Такой Бог лишает человека всякого человеческого достоинства, низводит на степень животного, ставит в самые унизительные положения человеческую душу и тело.
«Все это ужасно просто, гадко, – думает князь Андрей перед Аустерлицким сражением. – Отечество, погибель Москвы! А завтра меня убьет и не француз даже, а свой, как вчера разрядил солдат ружье около моего уха, и придут французы, возьмут меня за ноги и за голову и швырнут в яму, чтобы я не вонял им под носом, и сложатся новые условия жизни, которые будут также привычны для других, и я не буду знать про них, и меня не будет». «Меня не будет» – вот крик только животного себялюбия перед смертью, крик только обнаженного человеческого тела, даже не тела, а «мяса». И «дальше и кроме этого ничего не было». Тут глухая стена. Душа молчит под бременем тела. Чтобы пробить эту стену, чтобы что-нибудь «было дальше», должно совершиться нечто новое не в душе, подавленной телом, а в самом теле. И оно совершается.
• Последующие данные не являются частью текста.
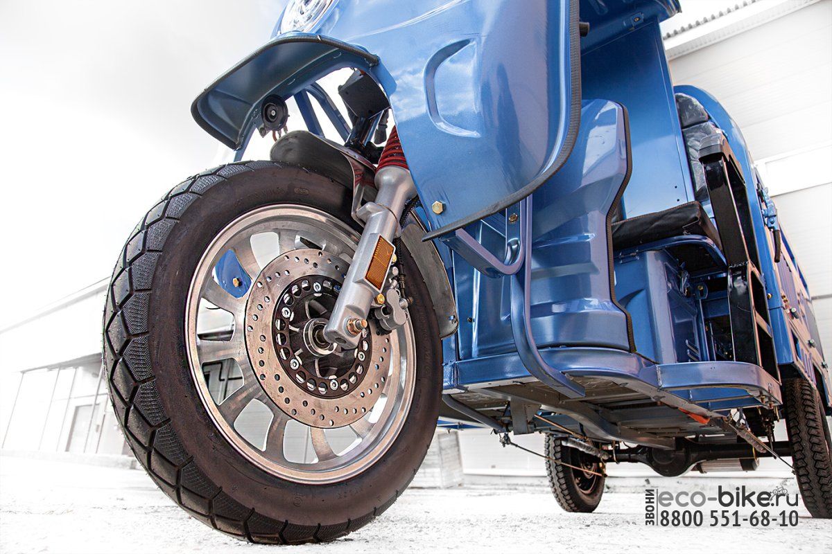 А ещё мы установили на Гермес PRO один из самых мощных моторов в серии: 2200 ватт - он способен питаться как от 60 Вольтового комплекта аккумуляторов, так и от напряжения в 72 Вольта (6 тяговых АКБ по 12 Вольт каждый). Ход и динамика трицикла необычайно плавные, а превосходная амортизация добавит комфорта в поездке. Также от младшей модели Rutrike Гермес трицикл отличает наличие переднего дискового гидравлического тормоза.
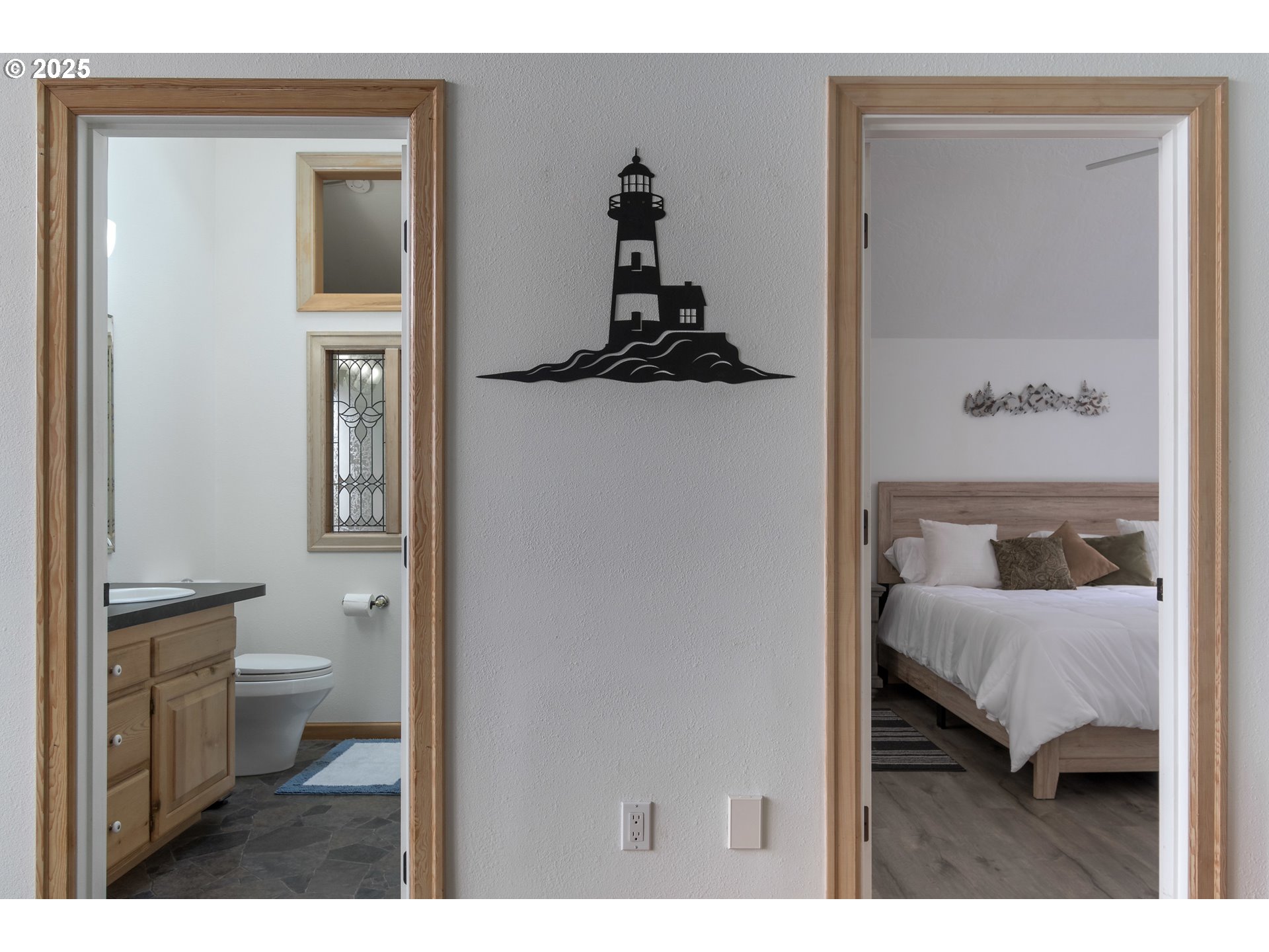 Discover the ultimate in privacy and tranquility with this secluded, end-of-the-road lakefront custom home with approximately 76 feet of coveted Woahink Lake frontage and your very own private dock. Wake up to spectacular uninterrupted views of the lake and Honeyman State Park, with breathtaking panoramic sunsets to the west. The property includes a boat dock with ramp, storage shed, and covered electric boat hoist—ideal for water enthusiasts. This beautifully remodeled home features luxury vinyl planking in the living area and on the stairs leading to the lower level. Recent upgrades include a new house roof (April 2016), garage roof (September 2018), and fresh exterior professional paint (2023). Ten west-facing windows were installed in 2023, complete with motorized shades for convenience and energy efficiency. The main level offers a bright bedroom and a convenient half bath. Downstairs, the spacious primary suite boasts two generous closets, a cozy retreat area, and direct access outside—perfect for unwinding in your private hot tub. A third guest room ensuite features extensive built-in storage, making it ideal as a bedroom or flexible office/hobby room. The oversized, fully insulated, and climate-controlled double garage includes 220v power and a half bath, and is currently used as a game room. Above the second double garage, a finished office/hobby room (used as an additional bedroom) provides even more versatility. Ample attic storage adds to the home’s practicality. Currently operated as a permitted Airbnb with Dunes City, fully furnished for your convenience, this exceptional property promises both a serene private retreat or a savvy investment opportunity—offering a rare blend of luxury, functionality, and income potential on the shores of Woahink Lake.

Перед смертью Брехунов, навалившись на замерзающего Никиту, покрывает и согревает его всем своим телом. «Лежи, грейся, мы вот как, – начал было он; но дальше, к своему великому удивлению, не мог говорить, потому что слезы ему выступили на глаза, и нижняя челюсть быстро запрыгала. Он перестал говорить и только глотал то, что подступало ему к горлу. «Настращался я, видно, ослаб вовсе», – подумал он на себя. Но слабость эта не только не была ему неприятна, но доставляла ему какую-то особенную, не испытанную еще никогда радость». Эта радость Брехунова, эти слезы и умиление от страха, от слабости, расслабленности, в глазах Л. Толстого есть начало христианской любви. Все его герои, обращающиеся в христианство, испытывают эту «приятную слабость». Князь Андрей, в палатке для раненых, когда хирург с ножом подходит к нему и сердито кричит на фельдшеров: «Раздеть! Что стоите?» – так же точно, как Брехунов, «настращался и ослаб вовсе». «Самое первое, далекое детство вспомнилось князю Андрею, когда фельдшер торопившимися засученными руками расстегивал ему пуговицы и снимал с него платье». И, очнувшись после перевязки, чувствует он «блаженство, давно не испытанное им. Все лучшие, счастливейшие минуты в его жизни, в особенности самое дальнее детство, когда его раздевали и клали на кроватку, когда няня, убаюкивая, пела над ним, когда, зарывшись головой в подушки, он чувствовал себя счастливым одним сознанием, жизни, – представлялись его воображению, даже не как прошедшее, а как действительность». Он видит на соседнем столе злейшего врага своего, красавца Анатоля, которому только что отрезали ногу, – окровавленного, рыдающего, и чувствует к нему такую же «восторженную жалость», как Брехунов к Никите. «Князь Андрей не мог удерживаться более и заплакал нежными, любовными слезами над людьми, над собой. Сострадание, любовь к братьям, любовь к врагам, да, та любовь, которую проповедывал Бог на земле, вот отчего мне жалко было жизни, вот оно то, что еще оставалось мне, если бы я был жив».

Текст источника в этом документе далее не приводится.